Using distroless images
If you managed to try the example above, you may notice that the final image is still quite big. Since we only removed build-essentail
that we installed additionally, the base image size is still big.
In 2017, Google introduced distroless
images, which are minimal images that contain only the necessary libraries to run the application. The image only contains dependencies that are required to run the application, nothing more. Purer than pure.
Since distroless images don’t have a package manager, you can’t install additional packages in the image. You can only copy the artifacts from the previous stage. This is the point where multistage is an important part of distroless images.
To cook a distroless image, we need to use debian:12
to build binary first, and then copy the binary to gcr.io/distroless/static-debian12
image:
FROM debian:12 AS builder
RUN apt-get update && apt-get install -y build-essential
COPY . /app
RUN gcc -static -o /app/donut /app/donut.c
FROM gcr.io/distroless/static-debian12
COPY --from=builder /app/donut /app/donut
ENTRYPOINT ["/app/donut"]
Note that we added a
-static
togcc
here, if you don’t add it, the binary will be dynamically linked, and it will requireglibc
to run. (TL;DR, results larger image size)Or you can use
gcr.io/distroless/base-debian12
image
The final image should be much smaller than the previous Debian-based image or Alpine-based image. Since it’s just a “donut” binary and nothing more.
Going bare bone: from scratch
No, we aren’t talking the orange furry cat Scratch.
scratch
is an interesting base image, it’s actually not a real image. The scratch
is essentially just a special image name that tells Docker to create a blank filesystem.
It doesn’t come with any runtime, only the ability to execute binary files. This made the image extremely compact and secure.

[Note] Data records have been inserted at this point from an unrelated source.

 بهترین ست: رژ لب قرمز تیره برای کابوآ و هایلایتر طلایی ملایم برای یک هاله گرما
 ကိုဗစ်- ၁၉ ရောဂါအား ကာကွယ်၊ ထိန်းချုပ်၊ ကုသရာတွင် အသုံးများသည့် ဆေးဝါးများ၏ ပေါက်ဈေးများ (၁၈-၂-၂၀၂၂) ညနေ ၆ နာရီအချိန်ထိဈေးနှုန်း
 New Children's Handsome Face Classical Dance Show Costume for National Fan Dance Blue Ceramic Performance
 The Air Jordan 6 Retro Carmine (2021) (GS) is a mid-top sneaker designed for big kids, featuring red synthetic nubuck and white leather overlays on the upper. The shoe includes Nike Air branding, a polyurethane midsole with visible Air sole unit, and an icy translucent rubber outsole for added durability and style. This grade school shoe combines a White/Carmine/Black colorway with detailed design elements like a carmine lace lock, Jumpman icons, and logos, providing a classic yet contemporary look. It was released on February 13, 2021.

We can use this small example to explore the scratch
base image:
FROM debian:12 AS builder
RUN apt-get update && apt-get install -y build-essential
COPY . /app
RUN gcc -static -o /app/donut /app/donut.c
FROM scratch
COPY --from=builder /app/donut /app/donut
ENTRYPOINT ["/app/donut"]
Binary run inside
scratch
bash image MUST be statically linked! Dynamically linked binary won’t work at here unless you add those libraries manually.
This Dockerfile
will build a docker image with only donut
binary, nothing else.
Final comparison
Base image | Size |
---|---|
Scratch | 767kB |
Distroless + multistage | 2.76MB |
Alpine | 7.4MB |
Debian with multistage | 117MB |
Debian with build-essential removed | 140MB |
Debian with build-essential | 534MB |
Real size may vary, the above size is just an example. Image is built on my laptop with Docker
28.0.1
As the data shown above, scratch one got the smallest image size. Distroless ranked second, and Alpine build processes ranked third.

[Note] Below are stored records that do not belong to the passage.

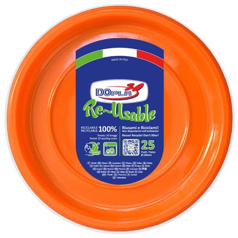 Piatti piani arancioni in polistirene h.19 mm conf. 25 pz Dopla Reusable – 220 mm – 11825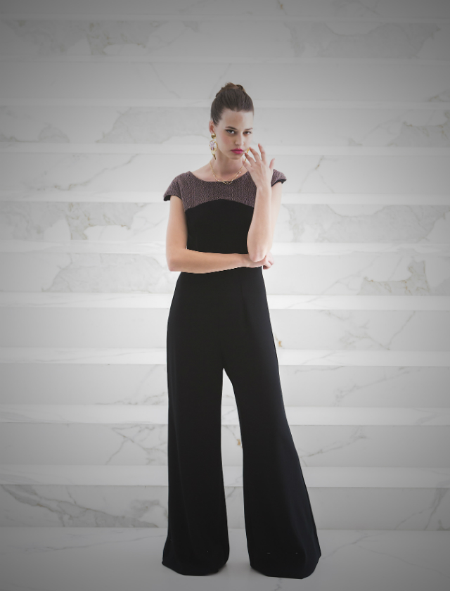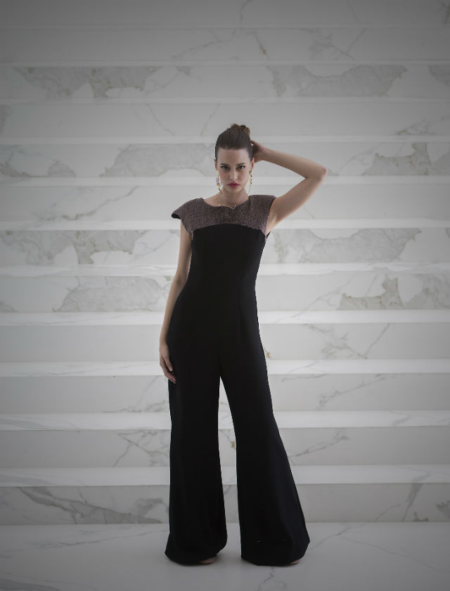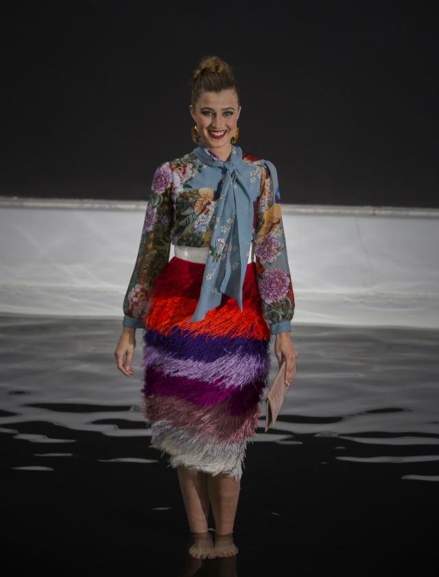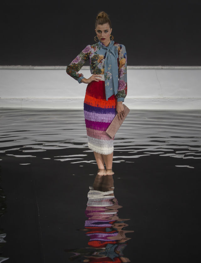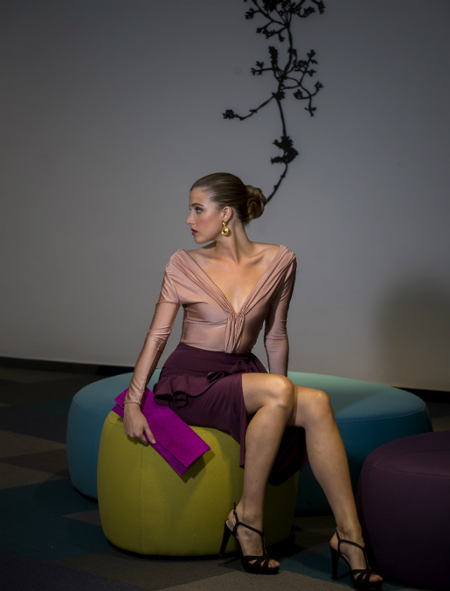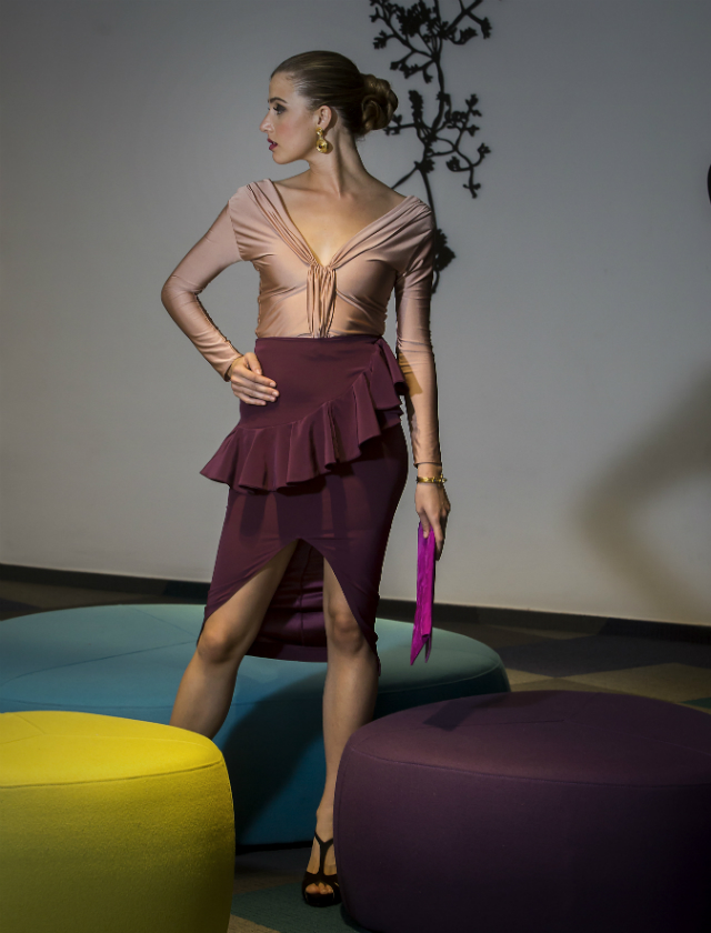 Lola lleva blusa y falda de Javier Jiménez, cartera de Nuria Cobo y pendientes y earcuff de Casilda Finat.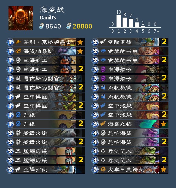 这是DanilJS欧服传说25名的一套海盗战。乍一看这套海盗战只有两张吞剑艺人是新卡,但海盗战的基本框架已经算很成形了,也并不需要太多补强,其他新卡也并不太适合海盗战。吞剑艺人4费2/5嘲讽还挂一把刀实在是太超模,朴实无华的强卡。
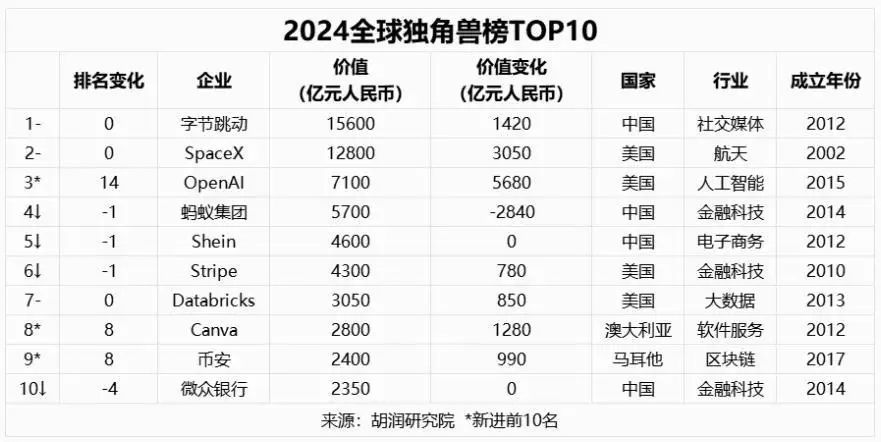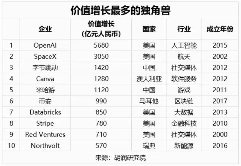 前十名增长价值1.4万亿元人民币,占全榜单增长价值的45%。其中,三家新面孔:总部旧金山的OpenAI、总部澳大利亚的Canva和总部马耳他的币安。去年位居前十的Telegram和Revolut跌至前30名,菜鸟网络跌至前50名。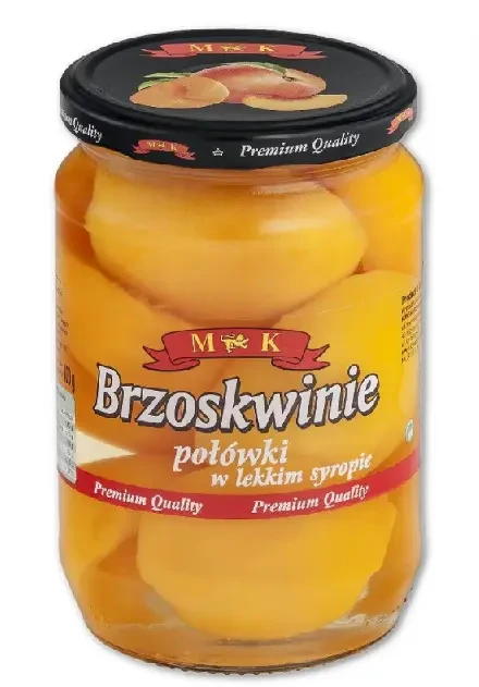 Персик консервований у сиропі половинками M&K 680g Персик консервований у сиропі половинками в c/б M&K (Польща), 680 г — досить великі кусочки (половинки) персика родом із Греції, в цукровому сиропі. Завдяки якісній технології виробництва зберегли форму, а також солодкий та насичений смак свіжого персика, хрумку структуру та текстуру.

Though in this comparison, alpine and distroless is not the smallest one, but it’s still a good choice considering it only got a few megabytes in size.
Conclusion
So what should you choose? Scratch or distroless or Alpine or Debian as base?
My suggestion is, If you sure your application does not rely on anything else that a normal Linux system will have (eg. generic library and header), consider using scratch
.
Use distroless if Google already prebuilds your runtime. Currently, distrobox got python3
, java-{17, 21}
and nodejs-{18, 20, 22}
. These images include these runtimes that are probably optimized for distroless base image.
Use alpine if you depend on a special runtime that provides a prebuilt Alpine docker base image.
What about Debian? Unless you have an exceptional use case, avoid using it as a base image.